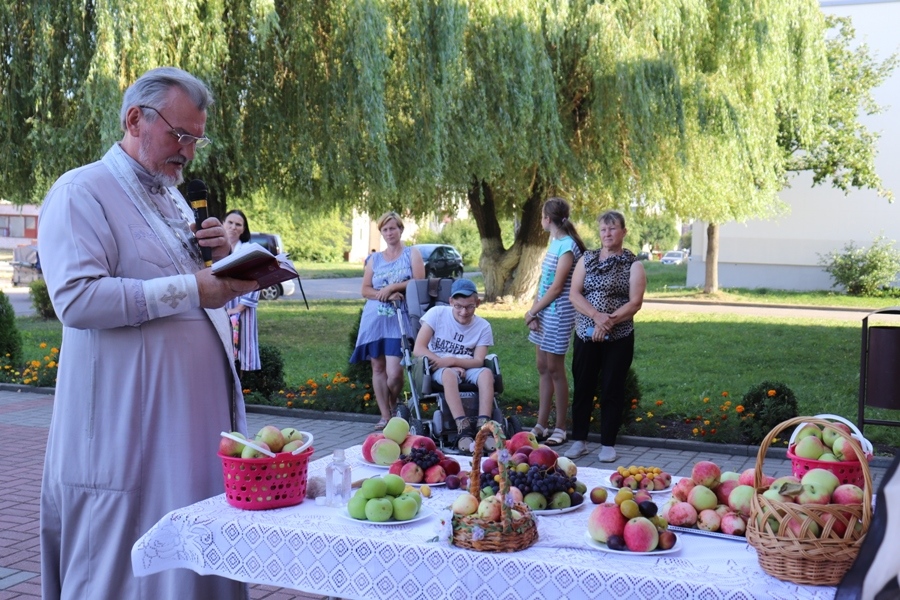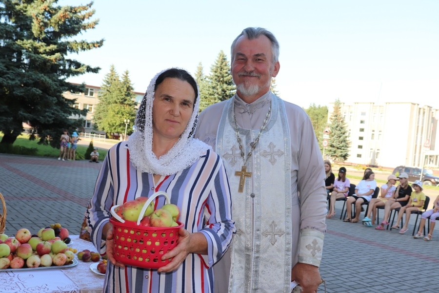 – Зараз па рэлігійных канонах ідзе Успенскі пост, і ўдзел ва ўвесяляльных мерапрыемствах прымаць не належыць, але я не мог не адгукнуцца на просьбу культработнікаў прыйсці на арганізаванае імі фальклорнае свята. Зранку я правёў службу ў царкве ў Мыто, затым наведаў прыхаджан Баброўскай царквы, пад самы вечар адслужу малебен у храме Дзітвы. І разам з тым пэўны час адвёў для таго, каб пагутарыць з тымі, хто сабраўся ля Дома культуры. Вы, напэўна, заўважылі, колькі сярод прысутных моладзі? Вельмі хацелася ім данесці, што сутнасць Яблычнага Спасу не толькі ў тым, каб асвяціць дары новага ўраджаю. 19 жніўня – свята Пераўтварэння Божага. Па біблейскім паданні, Бог паклікаў трох сваіх вучняў на гару Фавор і стаў там маліцца. Вучні ўбачылі, як пераўтварылася яго адзенне, а твар пасвятлеў. Дык вось, Бог паказаў, што пераўтварэнню папярэднічала праца: перад гэтым быў нялёгкі шлях на гару Фавор. І кожны можа зняніць жыццё да лепшага, толькі трэба прыкладаць старанні і намаганні. А адна з традыцый Яблычнага Спасу – асвячэнне яблыкаў і іншай садавіны.
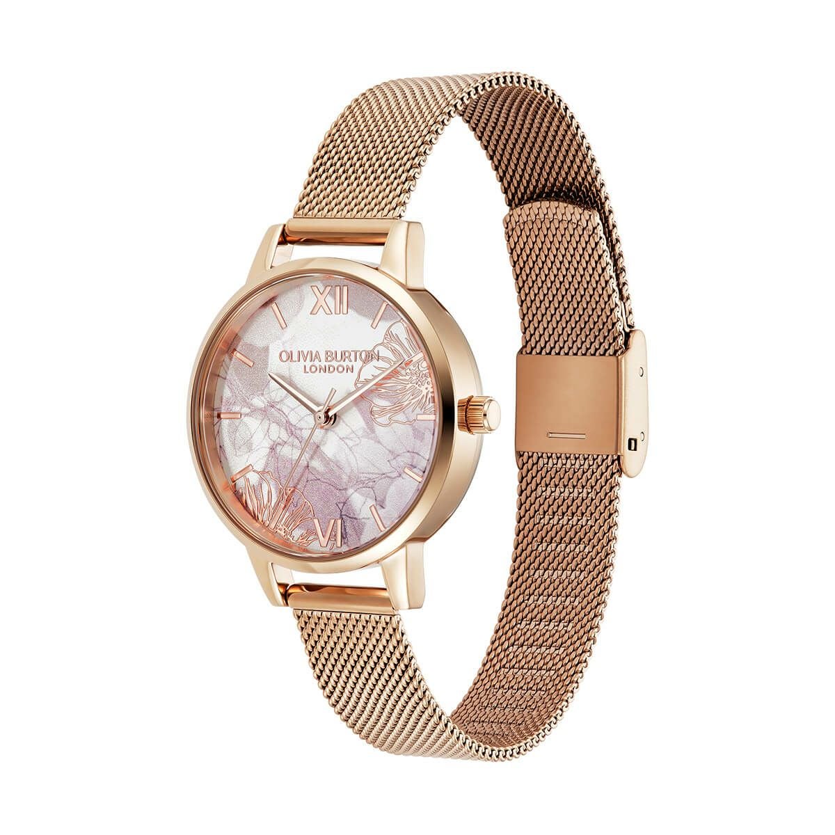 OLIVIA BURTON / オリビア・バートン シグネチャー ミディアブストラクトフローラル ローズゴールド メッシュ
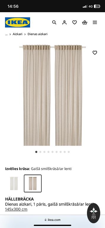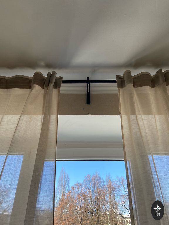 Heegeldatud linane kardin - 2 m × 64 cm
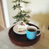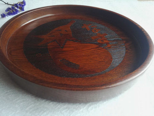 Wooden tray with a print of Nasu (Eggplant). The writing next to the eggplant is written in Japanese Hiragana Na-Su.
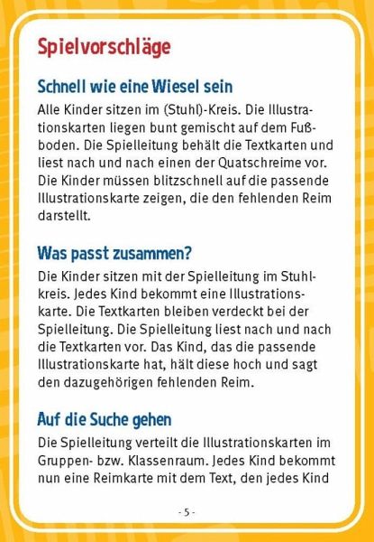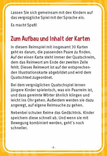 Paarreime ohne Sinn, aber mit viel Sprachwitz: Ein Sprachspiel für Kinder im GrundschulalterPerfekt auch für Logopädie-ÜbungenMit lustigen Quatschreimen das phonologische Bewusstsein fördernKartenset mit Reimen und Bildern inkl. Begleitheft mit SpielvorschlägenSpielerische Sprachförderung zu Hause und in der Schule: Sprachwitz trifft Sprachrhythmus
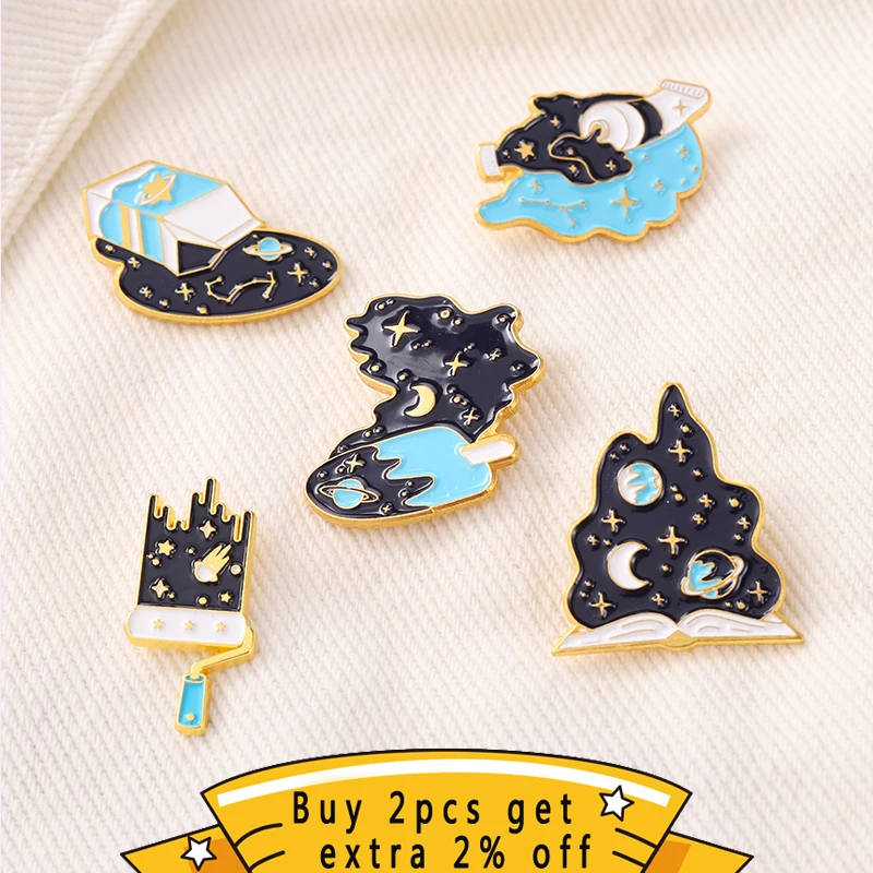 Эмалированные булавки Dark Interstellar Galaxy Звезды Луна на заказ...
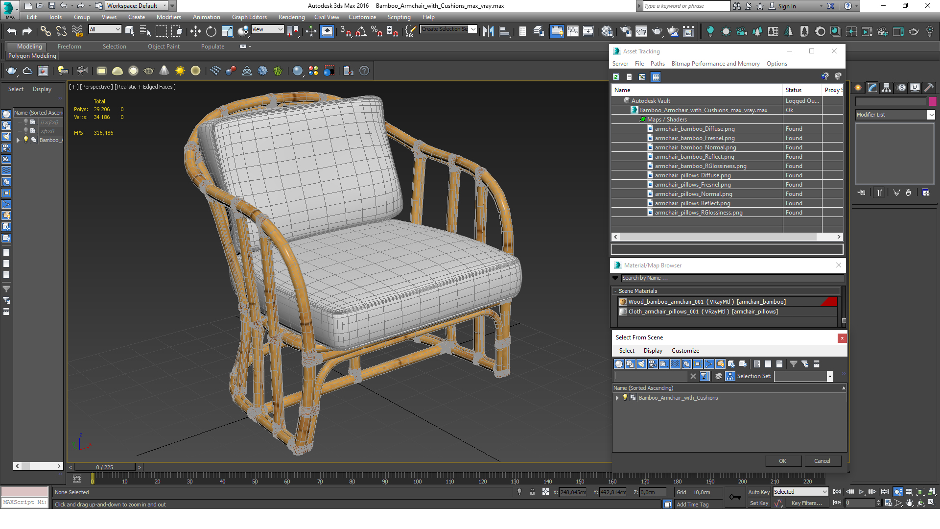 Bamboo Armchair with Cushions is a high quality, photo real 3d model that will enhance detail and realism to any of your rendering projects. The model has a fully textured, detailed design that allows for close-up renders, and was originally modeled in 3ds Max 2020 and rendered with V-Ray. Renders have no postprocessing!

■ ■ ■ ■ ■ ■ ■

_Aim of the task_
Look above and copy only the lines from the one holding "Wooden tray with" to the one holding "Paarreime ohne Sinn, aber", both included, exactly, minus the pictures.

_Answer to the problem_
 Wooden tray with a print of Nasu (Eggplant). The writing next to the eggplant is written in Japanese Hiragana Na-Su.
 Paarreime ohne Sinn, aber mit viel Sprachwitz: Ein Sprachspiel für Kinder im GrundschulalterPerfekt auch für Logopädie-ÜbungenMit lustigen Quatschreimen das phonologische Bewusstsein fördernKartenset mit Reimen und Bildern inkl. Begleitheft mit SpielvorschlägenSpielerische Sprachförderung zu Hause und in der Schule: Sprachwitz trifft Sprachrhythmus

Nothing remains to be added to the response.